Поэтому сейчас Егорша пристальным взглядом заставлял земляков отводить глаза, а Колян небрежно приветствовал их, словно одалживая. И только когда приятели увидели вдалеке бабку Матрёну, которая быстрым шагом шла, как и они, по направлению к центральной площади, напускная бравада изменила им, уступив место тревоге.
– Куда это она с утра пораньше? – спросил Колян, стараясь, чтобы его голос звучал равнодушно.
– А тебе не всё ли равно? – хмыкнул Егорша.
– А если в полицию? – предположил Колян. – Узнала, что это ты гуся у неё подрезал и теперь идёт подавать заявление участковому.
– Никто этого не видел, – возразил Егорша. – Откуда бы она могла узнать?

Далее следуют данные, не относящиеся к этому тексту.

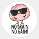 No Brain No Gain Funny Brain Pun features a cute brain looking cool in sunglasses declaring "No pain no gain". Perfect Puns gift for family and friends who love cute brain puns.
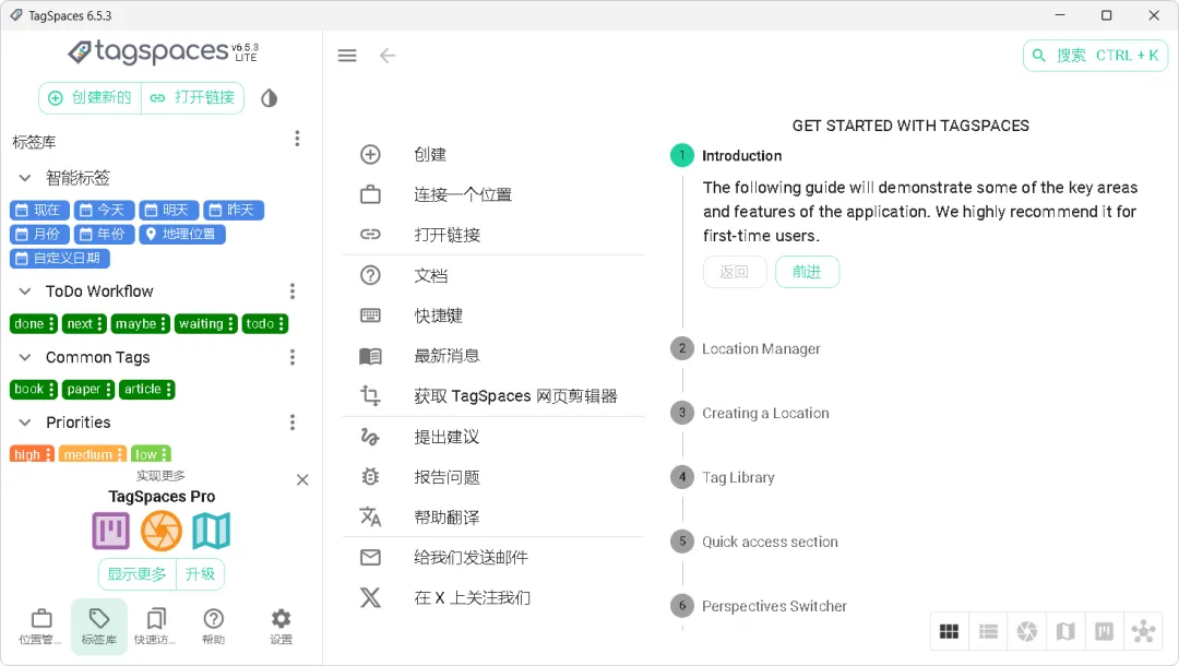 兄弟们,你们是否经历过这样的抓狂时刻?电脑桌面堆满十几个项目的技术文档,想找三周前的会议纪要却要在20多个PDF里大海捞针;浏览器收藏夹里躺着300+网页,真正需要用的时候死活翻不到关键资料。那么,今天给大家推荐一款文件标签管理工具 TagSpaces,它专为高效组织和检索本地文件而设计。它通过标签系统让用户可以轻松为文件添加多个自定义标签,从而快速分类和搜索文件。TagSpaces 支持多种操作系统,包括 Windows、Linux、macOS 和 Android,并提供浏览器扩展,方便用户将在线内容保存为本地文件。它还支持 Markdown 和 HTML 格式的笔记记录,以及待办事项管理功能,帮助用户更好地整理知识和任务。
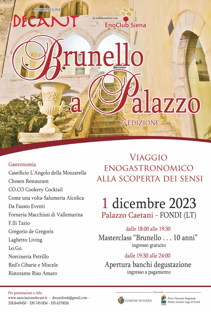 Mancano poche ore a Brunello a Palazzo, l’evento che porta a Fondi (LT) il Brunello di Montalcino per accostarlo alle eccellenze gastronomiche del territorio pontino, giunge alla settima edizione.
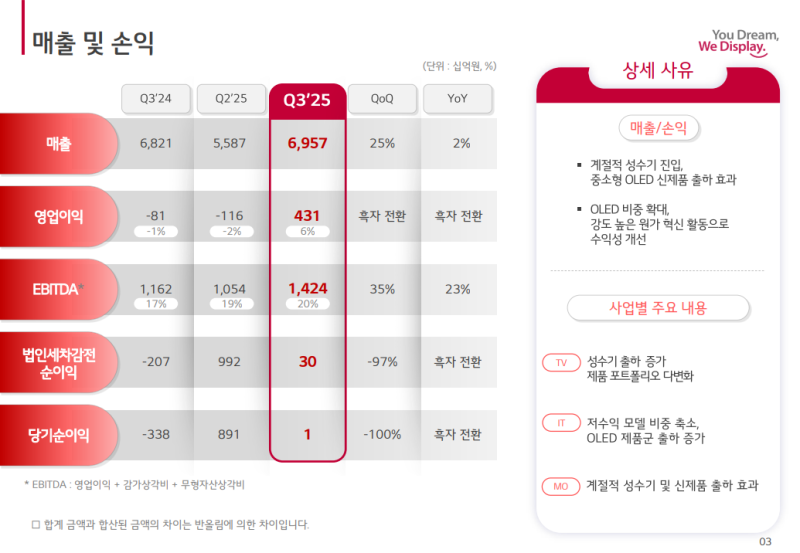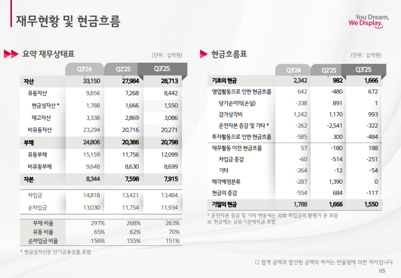 • 3분기는 OLED 중심의 사업 구조 고도화 전략과 강도 높은 원가 혁신 활동의 성과가 본격적으로 가시화된 시기
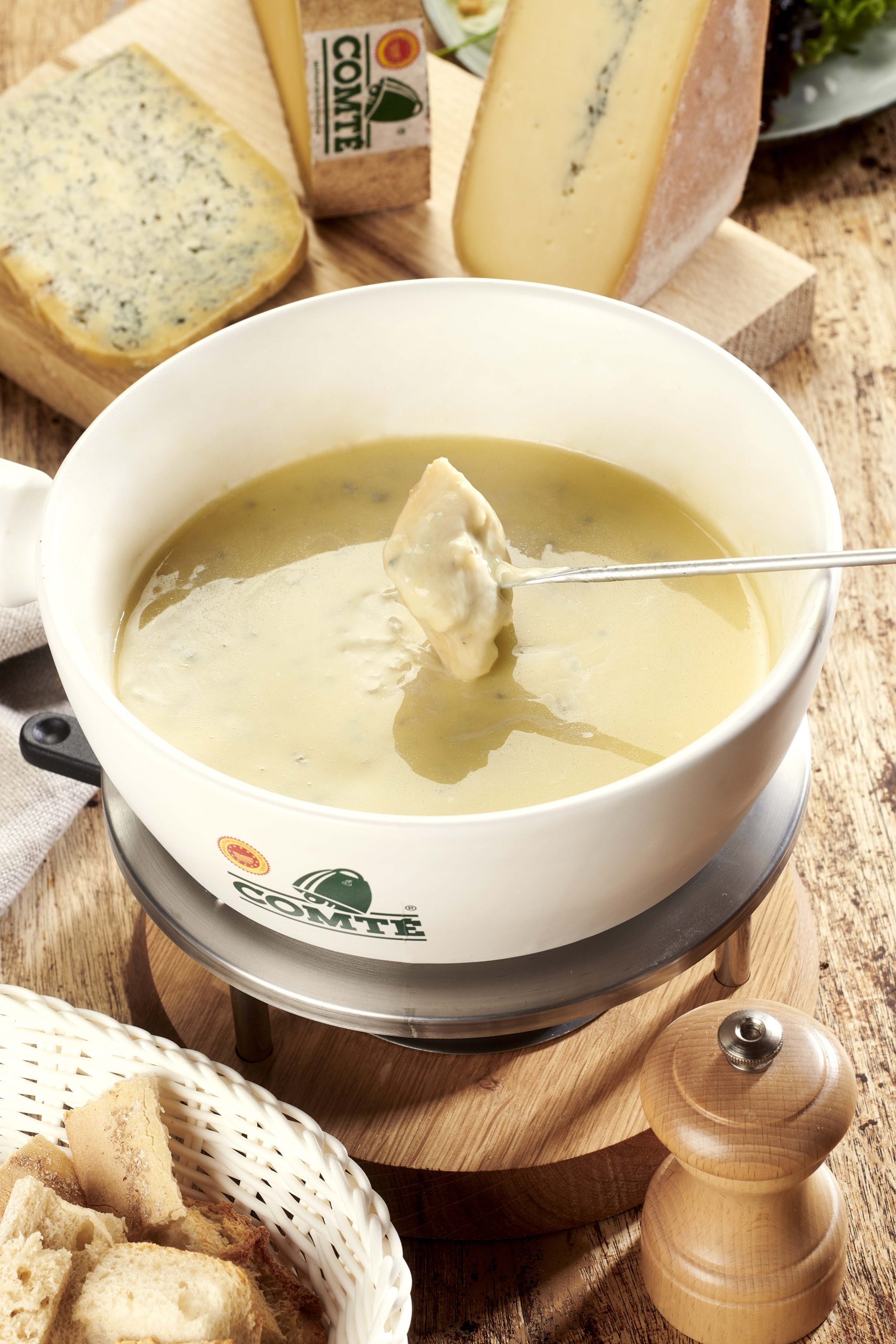 Om die aromatische rijkdom te vieren, presenteert een samenwerking met culinair creator Whoogy’s een herinterpretatie van de klassieke fondue, opgebouwd rond drie rijpingsstadia. Voor dit winterse comfortgerecht heb je nodig: 500 gram jonge Comté, 300 gram fruitige Comté (15–18 maanden gerijpt) en 200 gram oude Comté (meer dan 30 maanden), aangevuld met 40 cl vin jaune (Côtes du Jura BOB) en één teentje knoflook.
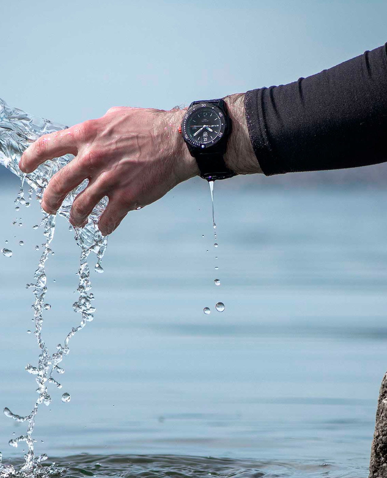 Мужские наручные часы Luminox Bear Grylls Survival ECO NO PLANET B XB.3722.ECO сочетают в себе экологичность и функциональность для любителей активного образа жизни. Модель обладает круглым корпусом диаметром 43 мм, изготовленным из переработанного океанского пластика, что обеспечивает высокую устойчивость к внешним воздействиям при минимальном воздействии на окружающую среду. Браслет выполнен из нейлона черного цвета на стандартной застежке, гарантирующей комфортное ношение и безопасность. Циферблат черного цвета оснащен индикацией времени и даты, а также люминесцентными элементами для видимости в темноте. Для защиты используется минеральное стеклоМинеральное стеклоМинеральное стекло представляет собой искусственно выращенный минерал кварца. Такое стекло отличается особой устойчивостью к повреждениям и царапинам. Уступает по некоторым качествам сапфировому стеклу., обеспечивающее прочную защиту от царапин. Часы комплектуются вращающимся безелемБезельВнешний ободок, закрепляющий стекло. В спортивных часах так называется поворотное кольцо с делениями на циферблате, выполняет роль таймера – замеряет отрезки времени на шкале. Неподвижный безель – элемент декора. Однонаправленно вращающийся безель на дайверских часах позволяет фиксировать моменты погружения и выныривания на поверхность. с односторонним вращением, полезным для подсчета времени погружения или других временных интервалов.Часы работают на кварцевом механизме Ronda 515, который обеспечивает точное время без необходимости подзаводки, при этом срок службы батарейки составляет около 3-4 лет. Водонепроницаемость часов достигает 200 метров (20 атмосфер), что позволяет использовать их при плавании, дайвинге и других водных видах спорта. Luminox XB.3722.ECO — это не просто аксессуар, а инструмент для выживания, созданный в сотрудничестве с Bear Grylls, который подчеркивает важность защиты нашей планеты через использование материалов из переработанного пластика.

– Ворона на хвосте принесла, – сказал Колян со скрытым злорадством. – Или сопляк в рясе донёс. Он постоянно на паперти крутится, мог заметить и потом разболтать. А гусь – это имущество, за его кражу судья тебя по головке не погладит. Пришьют новый срок – к гадалке не ходи.
Егорше это не понравилось.
– Жрали-то вместе, – сказал он зло. – Так что на нары отправишься вместе со мной, как соучастник.

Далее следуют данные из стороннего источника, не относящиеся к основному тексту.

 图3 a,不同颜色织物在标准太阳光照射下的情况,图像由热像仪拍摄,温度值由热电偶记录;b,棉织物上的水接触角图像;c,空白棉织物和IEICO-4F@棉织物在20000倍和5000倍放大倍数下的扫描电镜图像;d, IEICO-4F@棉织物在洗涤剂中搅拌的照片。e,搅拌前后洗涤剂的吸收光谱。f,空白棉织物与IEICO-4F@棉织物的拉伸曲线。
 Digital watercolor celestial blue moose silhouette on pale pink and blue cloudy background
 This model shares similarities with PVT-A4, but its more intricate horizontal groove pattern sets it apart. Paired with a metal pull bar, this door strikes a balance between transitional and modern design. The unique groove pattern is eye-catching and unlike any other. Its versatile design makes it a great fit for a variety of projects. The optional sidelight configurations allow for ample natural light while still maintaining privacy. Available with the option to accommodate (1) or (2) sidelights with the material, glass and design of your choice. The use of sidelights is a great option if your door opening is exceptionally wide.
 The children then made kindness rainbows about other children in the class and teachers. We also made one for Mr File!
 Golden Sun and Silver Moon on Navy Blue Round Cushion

– А может, и не в полицию, – с надеждой проговорил Колян, только сейчас осознавший, во что он влип по собственной глупости. – В церковь, к примеру. Или в магазин.

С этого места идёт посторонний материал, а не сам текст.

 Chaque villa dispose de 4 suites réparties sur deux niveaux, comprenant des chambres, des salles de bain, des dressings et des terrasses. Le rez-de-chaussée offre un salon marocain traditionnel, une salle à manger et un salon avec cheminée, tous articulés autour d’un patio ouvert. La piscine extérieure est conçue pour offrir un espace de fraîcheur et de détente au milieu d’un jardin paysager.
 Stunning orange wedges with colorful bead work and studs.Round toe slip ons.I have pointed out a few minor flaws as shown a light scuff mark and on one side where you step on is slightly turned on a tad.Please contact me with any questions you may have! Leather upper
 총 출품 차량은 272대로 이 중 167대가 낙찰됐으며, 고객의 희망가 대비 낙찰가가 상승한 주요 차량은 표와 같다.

– Так давай посмотрим, что толку гадать, – предложил Егорша. – А там уже будем думать, что делать… Кстати, ты куда подевал кости от гуся?
– Там и остались, на столе, – удивлённо посмотрев на него, ответил Колян. – А что такое?
– Надо было в землю закопать, болван! – свирепо рыкнул Егорша. – А если участковый заявится с обыском?! А так – нет тела, нет и дела, сам знаешь.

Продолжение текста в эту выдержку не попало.